Greene appears to have been referring to HIPAA, the Health Insurance Portability and Accountability Act, which protects sensitive health information from being disclosed without a patient’s consent.

When Florida’s Republican Gov. Ron DeSantis announced that his state would introduce emergency legislation to ban something that hasn’t been announced yet and that the White House says it’s not developing, Greene chimed in again, saying her home state should follow suit.

A number of people attempted to point out to Greene that vaccine passports have been a reality for many years: as people travelling to certain countries have to show they have been vaccinated against the likes of yellow fever and rubella before being allowed entry.

And this is not just a U.S. endeavor. Governments, airlines, and tech companies are all rushing to develop similar apps for smartphones that would facilitate the opening up of travel and economies globally.

Despite this, right-wing lawmakers in the U.S. appear to believe the Biden’s government has some sort of nefarious goal in helping develop these passports.

Rep.

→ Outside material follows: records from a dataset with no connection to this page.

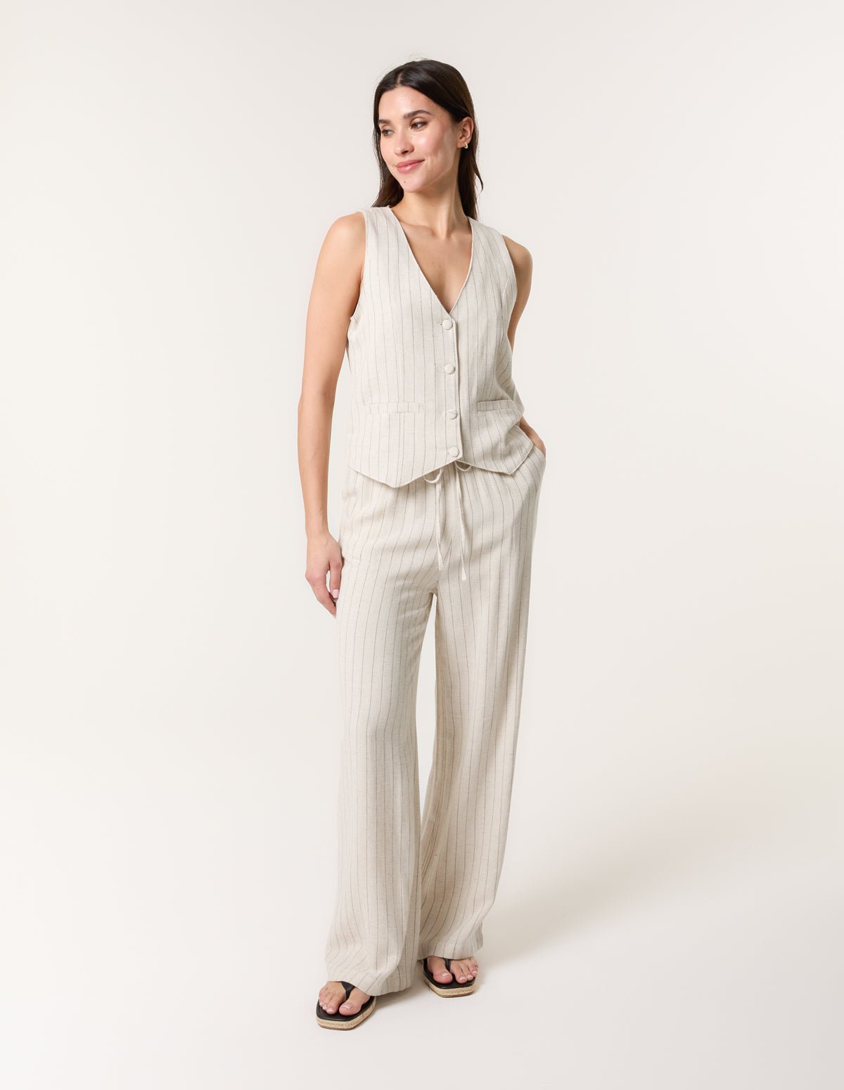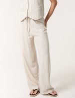 Stripe Wide Leg Linen Trousers
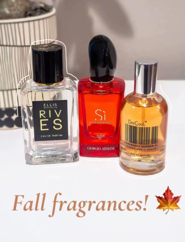 Each of these fall fragrances brings something unique: DedCool Taunt 01 is cozy and versatile, Ellis Brooklyn Rives is light and elegant, and Armani Si Passione is bold and luxurious. Whether for everyday wear or special nights out, these scents add warmth and charm to the crisp fall season!
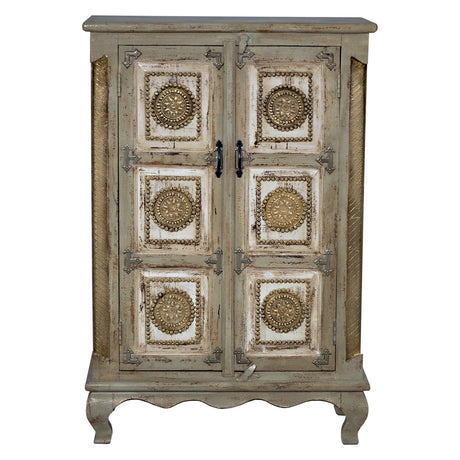 Regular price From $950.75Unit price /UnavailableDistressed White 2 Door Small Cabinet With Brass Accents
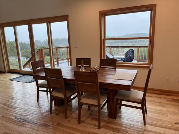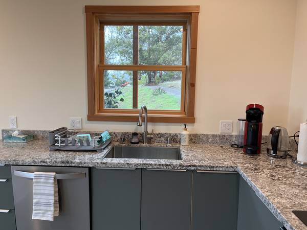 Charming and elegant 1,200 sq ft home on a peaceful 5-acre property, just 10 minutes from downtown Napa. The spacious lower level includes a modern open kitchen, a comfortable living area, a separate laundry room and a full bathroom with bath. Upstairs are two cozy bedrooms (queen size bed) and another full bathroom with a walk-in shower. Enjoy the serene surroundings and views from the large outdoor deck — perfect for relaxing or entertaining.
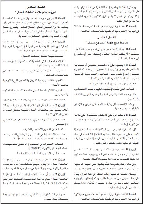 يهدف هذا المرسوم إلى إنشاء لجنة وطنية لمنح علامة ”مؤس سة ناشئة“ و“مشروع مــبــتــكـر“ و“حـاضنـة أعـمـال“.
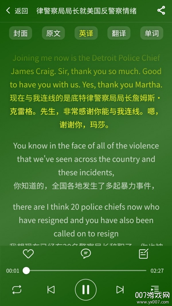 海量资源:平台收录了VOA、BBC、美剧片段、名人演讲等各类英语学习素材,资源类型丰富多样;离线使用:支持批量下载功能,用户可将课程内容保存至本地,无网络时也能学习;精听泛听:提供中英双语对照功能,支持听写练习,帮助提升听力水平;口语跟读:采用智能评分系统,逐句纠正发音,提高口语能力;音标练习:通过音标对比功能,帮助用户准确掌握每个音标的发音要领。
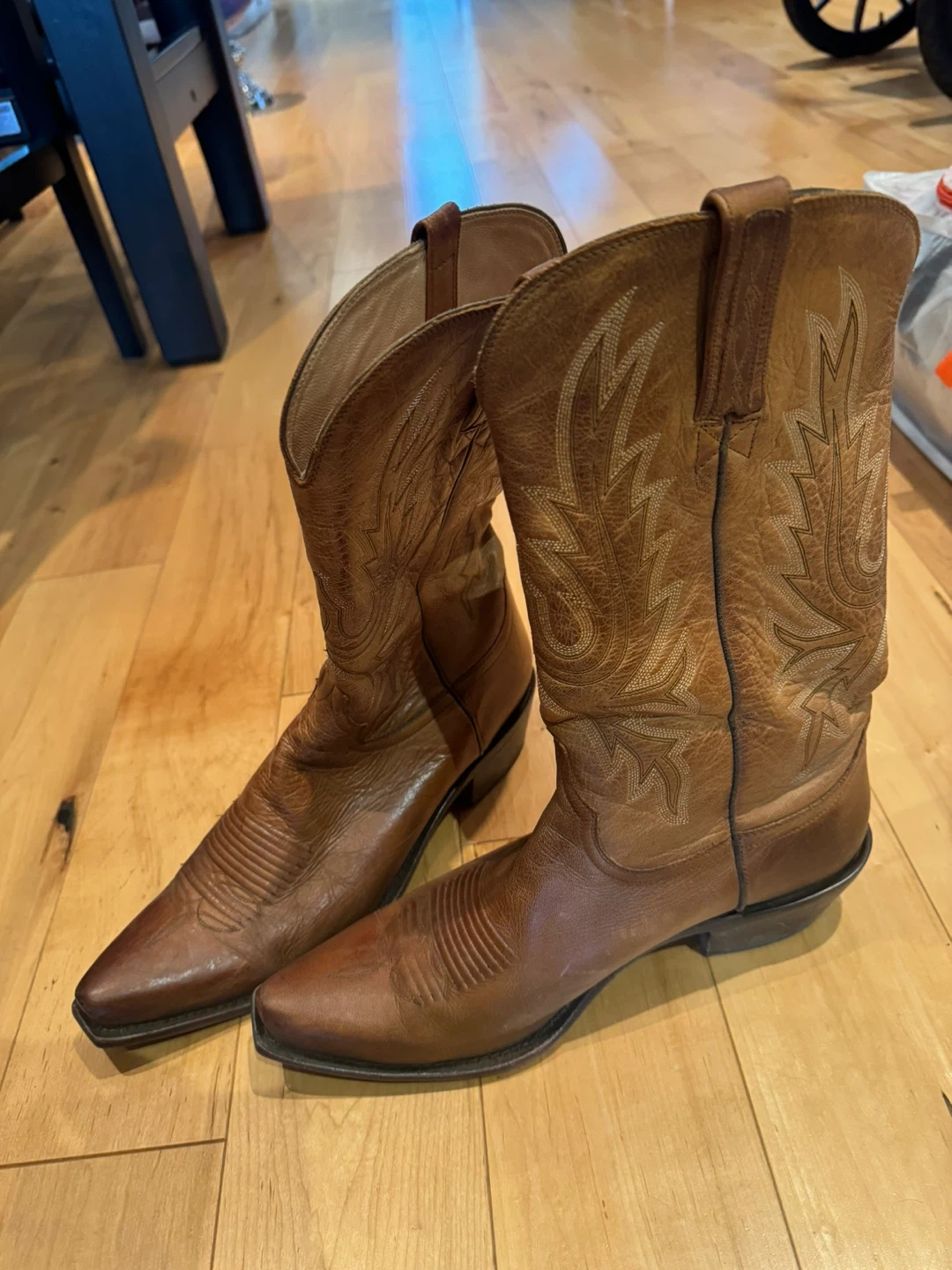 29Selling a pair of Charlie 1 Horse cowboy boots, handcrafted in Brazil! They're a size 10D and have a beautiful artisan design. These boots are in good condition and ready for a new home!
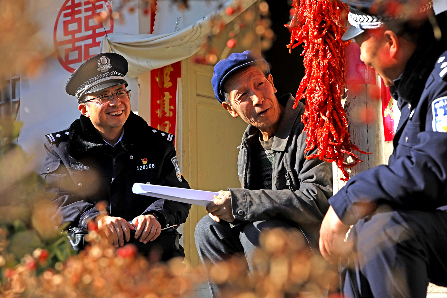 圖為1月6日,民警在城關鎮(zhèn)賈胡村走訪群眾。
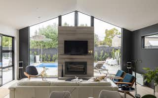 Within this remarkable home, spacious raked ceilings and a distinctive feature fireplace with natural timber serve as the highlights, creating a truly special and inviting ambiance.

Lauren Boebert of Colorado, who like Greene has previously voiced support for QAnon, called the passports “unconstitutional,” while Rep. Jim Jordan from Ohio compared the introduction of vaccine passports to the passports immigrants present on the southern border.  

And many others claimed the vaccine passport effort showed the Democrats’ hypocrisy, linking it to the party’s resistance to voter ID laws, once again ignoring the fact that this effort is being spearheaded by private groups rather than the White House.

One of the loudest points making this point was Donald Trump Jr., who claimed the vaccine passport was going to be required to travel within the U.S. There has never been a suggestion that this is what the passports would be used for.